The core idea is simple and fully local: student face images are collected via the webcam, a K-Nearest Neighbors (KNN) model is trained from those images, and recognized identities are written into a daily attendance file for the selected unit.

Key features:

  • Lecture/session setup: Lecturer enters session context (e.g., lecturer name and unit details) and the system starts a new daily attendance run for that class.
  • Student enrollment: Captures multiple face samples per student from a webcam and builds a labeled dataset for recognition.
  • Model training and persistence: Trains a scikit-learn KNN classifier on standardized face crops and persists the trained model for reuse.
  • Live recognition + attendance logging: Detects faces in real time from the webcam feed, predicts an identity, and logs attendance with a timestamp.
  • Attendance viewing: Renders the current session’s attendance records in a simple web UI table.
  • Lightweight “directory” view: Provides a quick view of enrolled identities (no external database required).
  • User removal: Supports removing an identity and its associated training data, and updates logs accordingly.
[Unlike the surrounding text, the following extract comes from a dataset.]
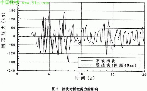 从表1可知,当在上部结构梁两端桥台处设置限位挡块后,各桥墩处上部结构与墩顶的相对位移确实得到了约束,但在限制位移的同时,设置挡块的桥台也同时承担了很大的冲击力。总的说来,在连续梁桥纵桥向设置挡块,对于不设档块的其它桥墩,所承担的惯性力有减小的趋势,但对于设置挡块的桥台或桥墩,在挡块发挥作用时,由于上部结构与挡块的碰撞,将承担较大的冲击力,且随挡块刚度的增加,在增强限位能力的同时。挡块的抗力和设置挡块的桥台或桥墩所承担的力也跟着迅速增大。图3给出设置不同刚度的挡块时,挡块的抗力及碰撞随时间的变化关系图。从图中可直观看出,挡块刚度增加,挡块抗力峰值增大,且挡块与上部结构相互作用的时间也缩短,即冲击力增加。因此,在设置挡块时,对挡块刚度的选择应给予注意。此外,为了比较橡胶挡块和混凝土挡块对隔震桥响应的影响,分析中取橡胶档块的第二刚度与混凝土挡块的刚度相同,挡块间距相同的条件下进行响应分析,从图3中橡胶挡块与混凝土挡块的响应值可知,由于橡胶挡块初始刚度较低,起到了应有的缓冲作用,橡胶挡块的内力和设有挡块的桥合所承担的惯性力同混凝土挡块相比显著降低,但其对上部结构与墩顶相对位移的约束也有所减弱。图4.5给出设置挡块后隔震桥动力响应与不设档块动力响应的比较,从图中可直观看出,挡块的设置,在其发挥作用限制上部结构与敬顶相对位移的同时,改变了桥墩的受力,即结构的响应特性发生了变化。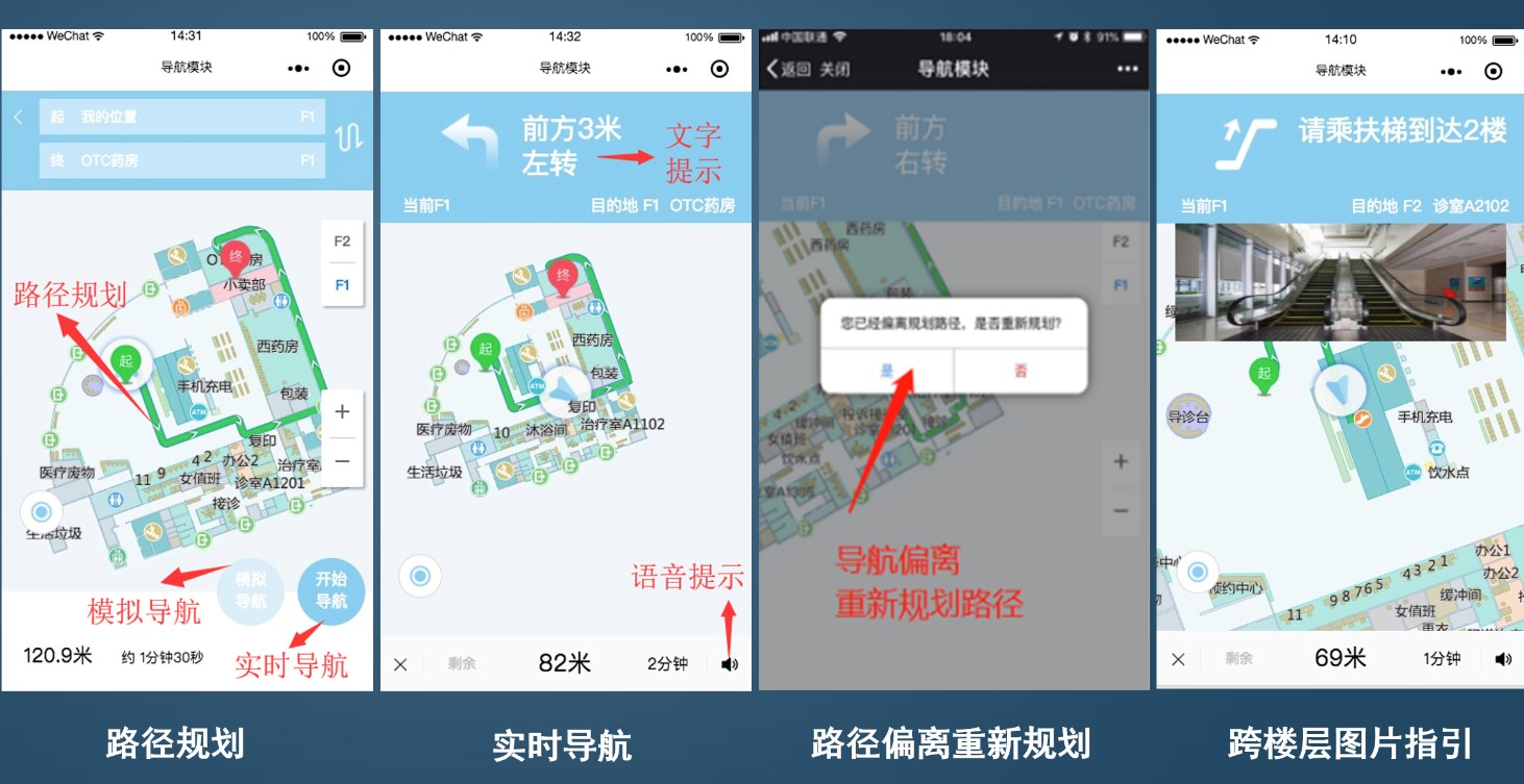 以往患者到了医院,总是要跟复杂的指示牌或者咨询台打交道,现在可以使用医院的微信公众号、小程序等多种形式进行路线指引,不需要下载软件APP,利用手机导航快速前往想去的科室或服务区,再也不怕多走冤枉路。

How it works (high-level):

  • Face detection: Each frame is converted to grayscale and faces are located using a Haar Cascade classifier.
  • Face preprocessing: Detected face regions are resized to (50 \times 50) and flattened into a feature vector.
  • Classification: A KNN model predicts the closest known identity label from the training set.
  • Attendance storage: Attendance is written to a per-class, per-day CSV log with Name, ID, and Time columns. The app avoids duplicate entries for the same ID within a session/day.

Notes/assumptions:

  • The app is intended to run on a machine with a webcam and a GUI environment (OpenCV window is used for live capture/recognition).
  • All data (face images, trained model, attendance CSVs) is stored locally in the project’s filesystem; no external database is required.